▸ **WORK REQUIRED**
In the listing that follows, find the line with "Az így előkészített", then copy exactly from it through the line with "La marcatura di", leaving out every picture.

★ ★ ★

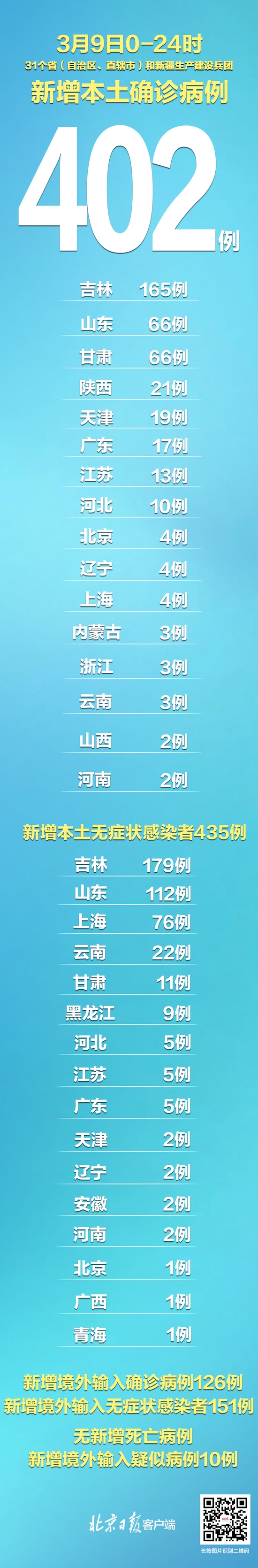 3月9日0—24时,31个省(自治区、直辖市)和新疆生产建设兵团报告新增确诊病例528例。其中境外输入病例126例,本土病例402例。新增无症状感染者586例,其中境外输入151例,本土435例。涉及吉林、山东、甘肃、陕西、北京等多省区市。本轮疫情,全国单日新增本土病例首次超过400例。
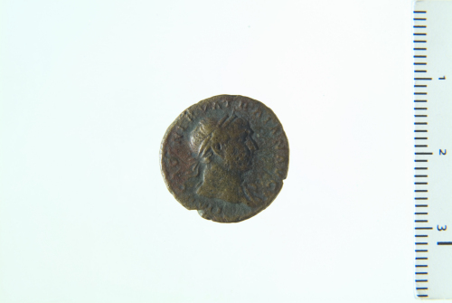 Busto laureato di Traiano d., drappeggiato sulla spalla s.; contorno perlinato (?).
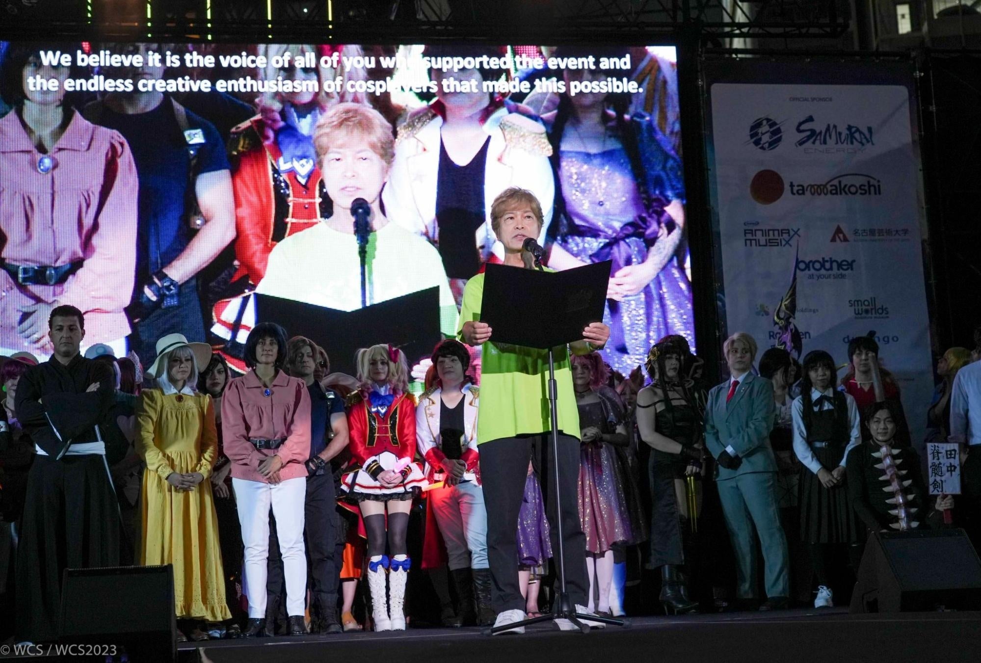 ワールドコスプレチャンピオンシップ審査委員長である古谷徹が登場した。主催者に代わりイベントを締めくくる閉会の挨拶を行った。
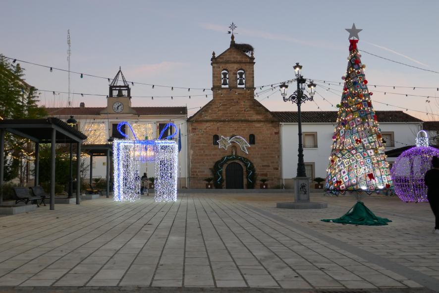 La plaza del Ayuntamiento adornada por Navidad,
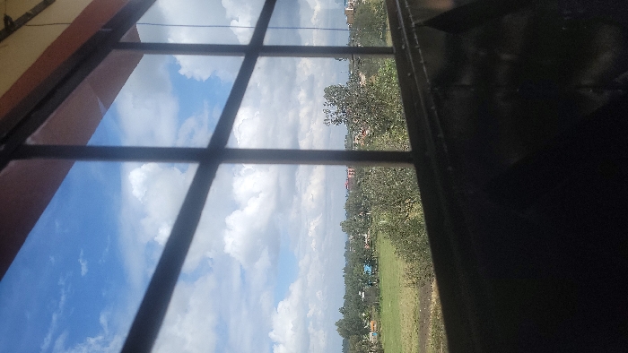 The image displays an exterior landscape captured through a window, framed by dark, multi-pane metal grilles and a dark brown upper window frame. The scene is observed under a partly cloudy sky with prominent white cumulus clouds against a blue background. The midground features an expansive, irregularly shaped field with varying patches of green and dry brown vegetation. This field transitions into a dense band of numerous trees with green foliage. Beyond the tree line, several buildings are visible; these include a light blue-roofed structure to the left and multiple reddish-brown multi-story buildings, consistent with urban development, in the central and right portions of the background. No individuals or active engagements are discernible. The perspective is from an elevated position within the city of Nanyuki, Kenya.
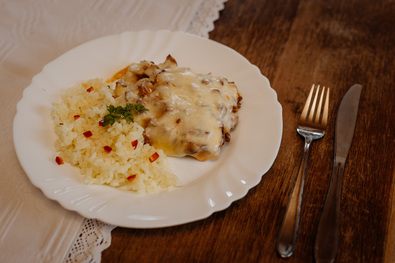 Az így előkészített tepsit 15 percre 170 Celsius-fokra hevített sütőbe tesszük. Tálaláskor egy szelet húst mártással együtt tányérra emelünk a tepsiből, melléje párolt rizst halmozunk és savanyú uborkát kínálunk hozzá. A recept elkészíthető csirkemellből vagy borjúbélszínből is. Télen használhatunk fagyasztott gombát is. Ebben az esetben azonban figyeljünk oda arra, hogy a gomba fagyottan kerüljön a dinsztelt hagymára, mert így nem lesz rágós.
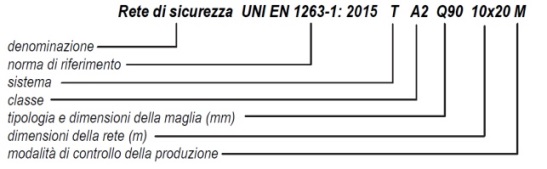 La marcatura di una rete di sicurezza conforme alla UNI EN 1263 deve riportare le seguenti indicazioni:
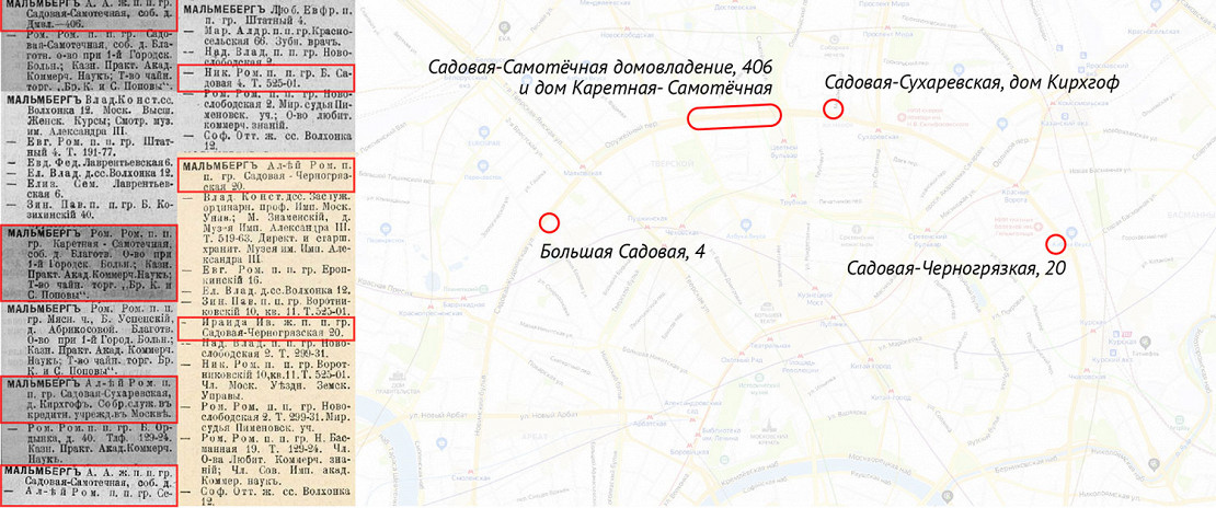 Мы взялись за старые карты Москвы и стали размышлять, где мог бы стоять этот дом. Если забыть адреса возможных Мальмбергов, то можно предположить, что дом находится на внешней стороне Садового кольца — в XIX веке там была более свободная застройка.

★ ★ ★

▸ **EXERCISE RESULT**
 Az így előkészített tepsit 15 percre 170 Celsius-fokra hevített sütőbe tesszük. Tálaláskor egy szelet húst mártással együtt tányérra emelünk a tepsiből, melléje párolt rizst halmozunk és savanyú uborkát kínálunk hozzá. A recept elkészíthető csirkemellből vagy borjúbélszínből is. Télen használhatunk fagyasztott gombát is. Ebben az esetben azonban figyeljünk oda arra, hogy a gomba fagyottan kerüljön a dinsztelt hagymára, mert így nem lesz rágós.
 La marcatura di una rete di sicurezza conforme alla UNI EN 1263 deve riportare le seguenti indicazioni:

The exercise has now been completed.